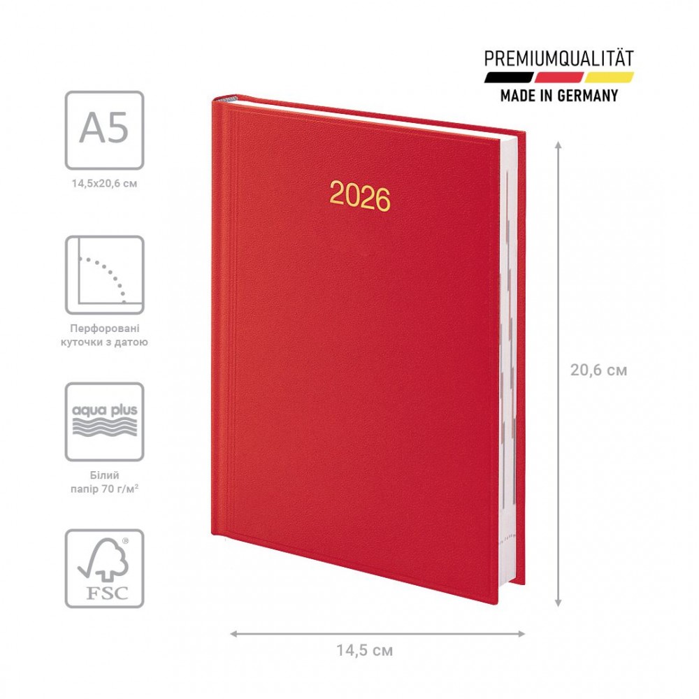 Датований щоденник BRUNNEN 2026 Стандарт — стильна класична модель. Оптимізований простір для записів та зручна навігація. Особливості: Три мови: українська, англійська, німецька. Загальна кількість сторінок — 336. Одна сторінка — один день. Організатор часу з 07:00 до 22:00. Якісний друк у сірому кольорі. 4 сторінки для загального планування на рік. Розширений інформаційний блок. Білий європейський папір 70 г/м2. Закладка-лясе та відривні куточки з датою. Стильна обкладинка Miradur. Золоте тиснення.
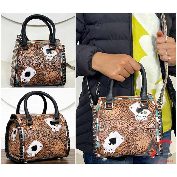 Western Hand Tooled Leather Mini Speedy Bag with Ace Of Spades Dice Design Handbag for Women Premium Cowhide Duffel Barrel Purse
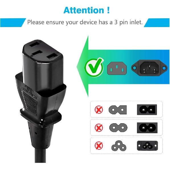 Standard 5ft (1.5m) 10 Amps 250 Volts Black 3 Prong AC Power Cord Cable for Electronics, TV, Computer, Printer, Radio, Monitor, Samsung, Dell, Vizio,
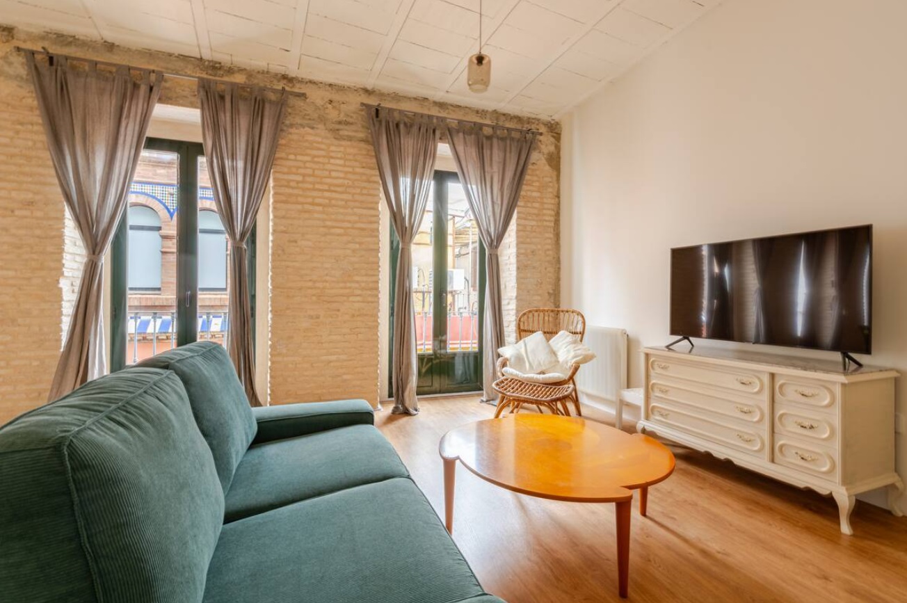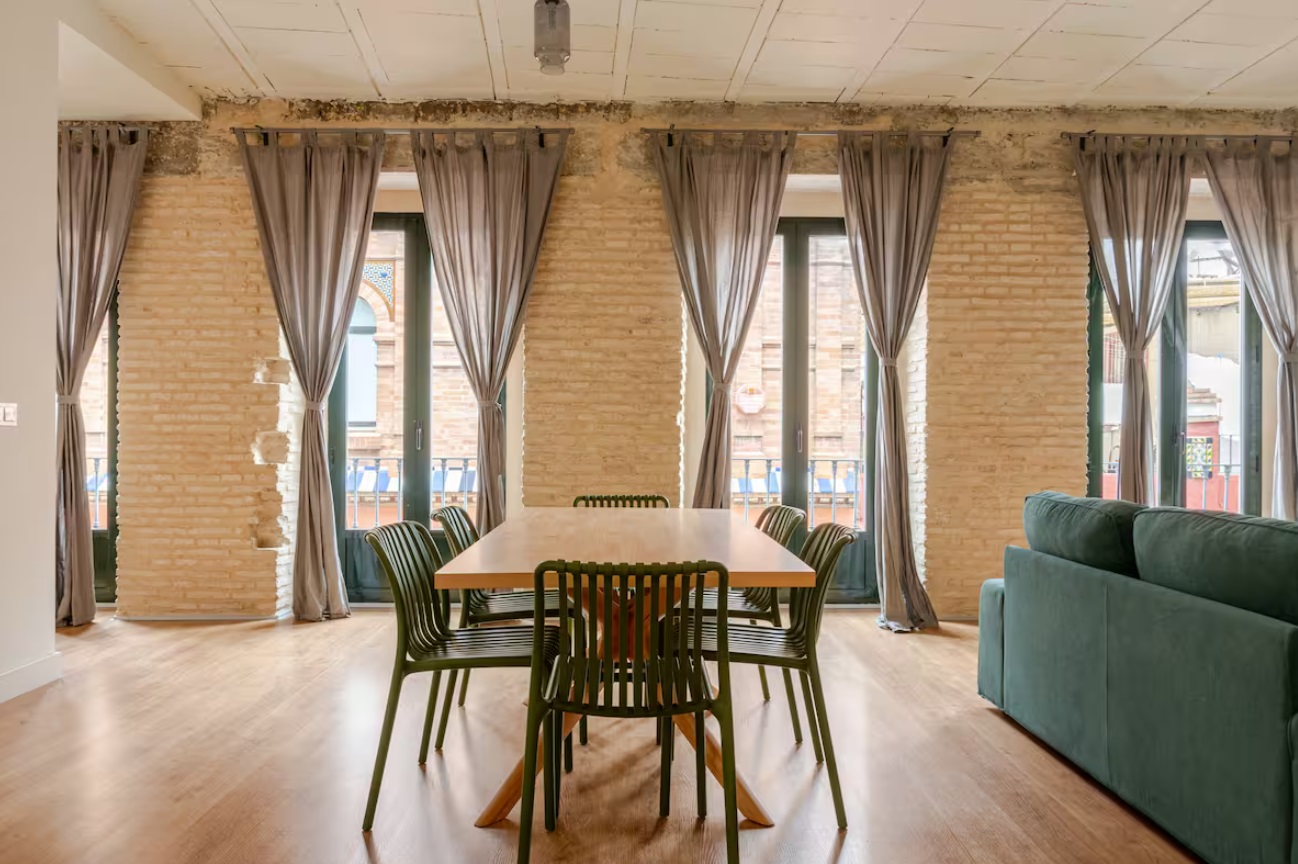 A sólo unos pasos de la catedral, en una tranquila callejuela peatonal resulta impactante encontrar un espacio tan amplio y silencioso, al que se accede a través su una escalera de mármol típicamente andaluza. Sus sofás, duchas, camas, clima y demás elementos están elegidos con criterios de calidad con objeto de garantizar la comodidad y el bienestar. El bonito recibidor da paso a un amplísimo espacio con el tejado abuhardillado que incluye una gran zona de estar, un comedor para 6-8 personas, una gran cocina con isla y una zona de trabajo. El dormitorio principal tiene dos camas individuales unidas de 180cm en total con baño en suite. El baño secundario se encuentra en el pasillo y al fondo una gran suite con dos camas de 105cm unidas y un sofá cama doble.
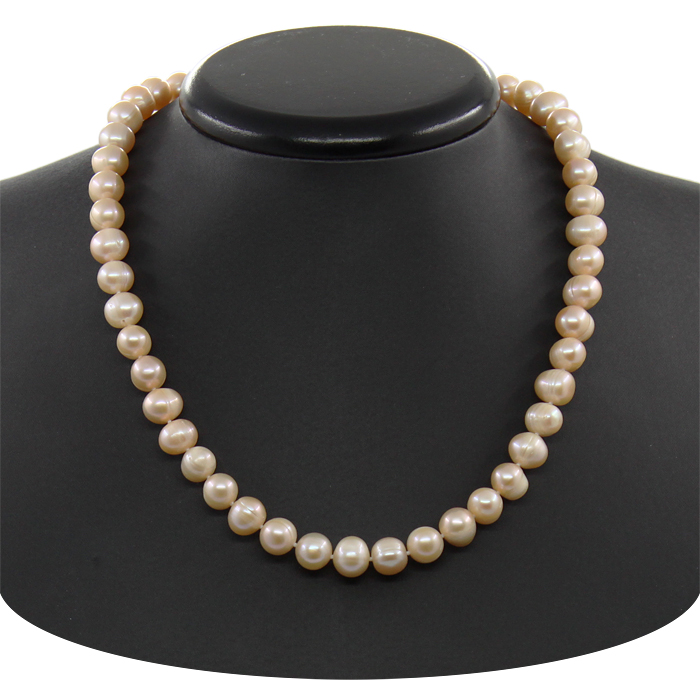 Жемчуг розовый, 9мм круглый, бусы длиной 53см
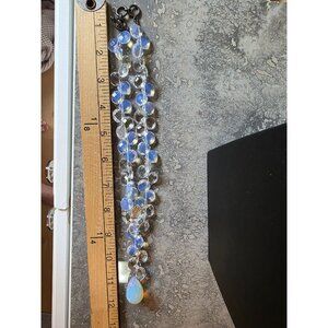 This elegant necklace features a mix of shimmering opalite and clear glass beads, offering a sophisticated touch to evening or formal attire.
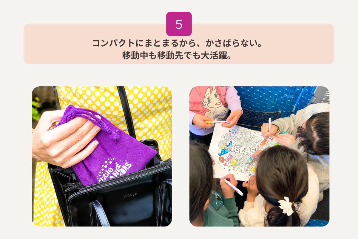 電車や飛行機などの移動中はもちろん、レストランの待ち時間、実家や旅行先、病院の待合室など「ちょっと間をもたせたい」場面でサッと取り出して使えます。準備も片付けも簡単だから、移動先でもストレスなく、忙しい親子の外出をしっかり支えてくれます。
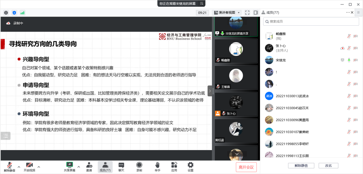 在分享过程中,宋继龙同学从什么是科研,如何入门科研,如何形成第一篇论文三方面进行了分享:首先介绍了论文的主要结构以及本科生主要需要锻炼的是一种能规范解决问题的能力;在学好专业课的基础之上由易到难,要克服由陌生和无知导致的恐惧心理,大胆尝试;至于如何形成第一篇论文,则要先确定研究方向,掌握一定的数据计量方法,合理利用各种资源资源来完成。
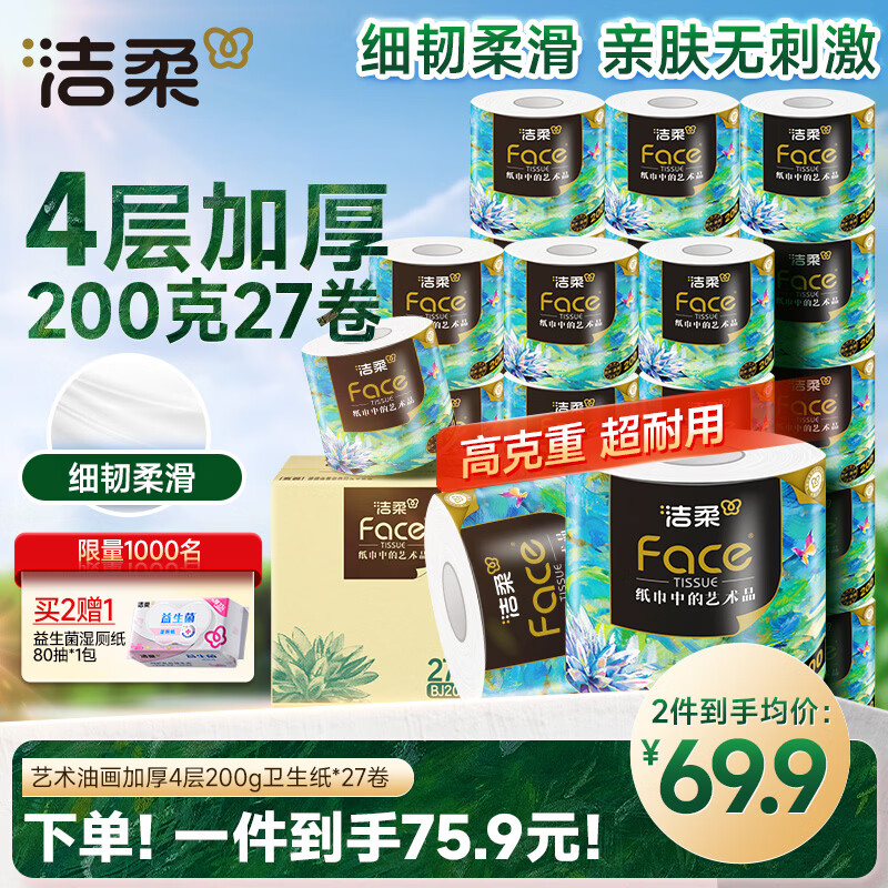 自营洁柔有芯卷纸 艺术油画Face4层200克*27卷 实惠 卫生纸卷筒纸纸巾整箱
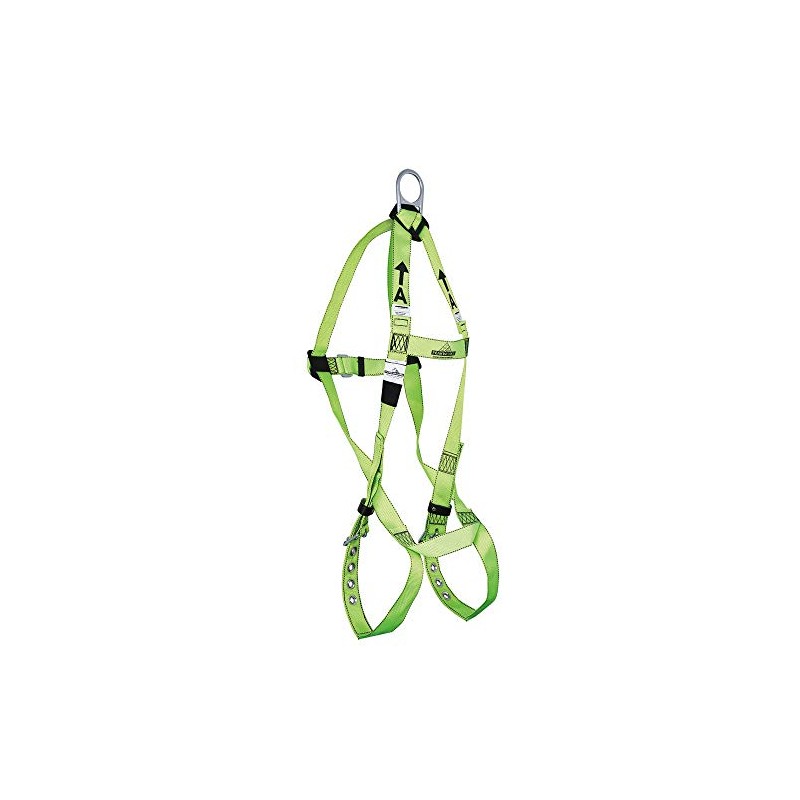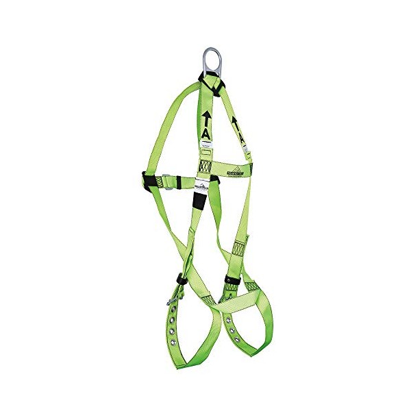 PeakWorks Compliance Series Roofing Fall Protection Full Body Safety Harness, 3 Point System with Fall Indicator, Back D-Ring, Class A - Fall Arrest, Hi Vis Green, Universal Fit, V8001200
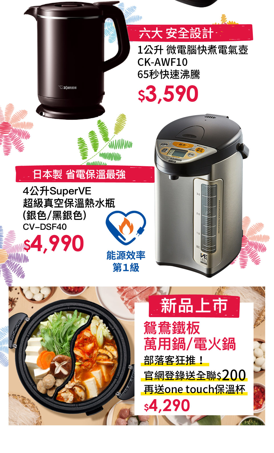 登錄送全聯禮券 象印 鴛鴦鐵板萬用鍋/電火鍋EP-PVF20(買就送)
**********
EXERCISE DESCRIPTION: Give again, word for word, only the lines that run from the top of the data above through the line with "Western Hand Tooled". Drop the pictures.

REPLY:
 Датований щоденник BRUNNEN 2026 Стандарт — стильна класична модель. Оптимізований простір для записів та зручна навігація. Особливості: Три мови: українська, англійська, німецька. Загальна кількість сторінок — 336. Одна сторінка — один день. Організатор часу з 07:00 до 22:00. Якісний друк у сірому кольорі. 4 сторінки для загального планування на рік. Розширений інформаційний блок. Білий європейський папір 70 г/м2. Закладка-лясе та відривні куточки з датою. Стильна обкладинка Miradur. Золоте тиснення.
 Western Hand Tooled Leather Mini Speedy Bag with Ace Of Spades Dice Design Handbag for Women Premium Cowhide Duffel Barrel Purse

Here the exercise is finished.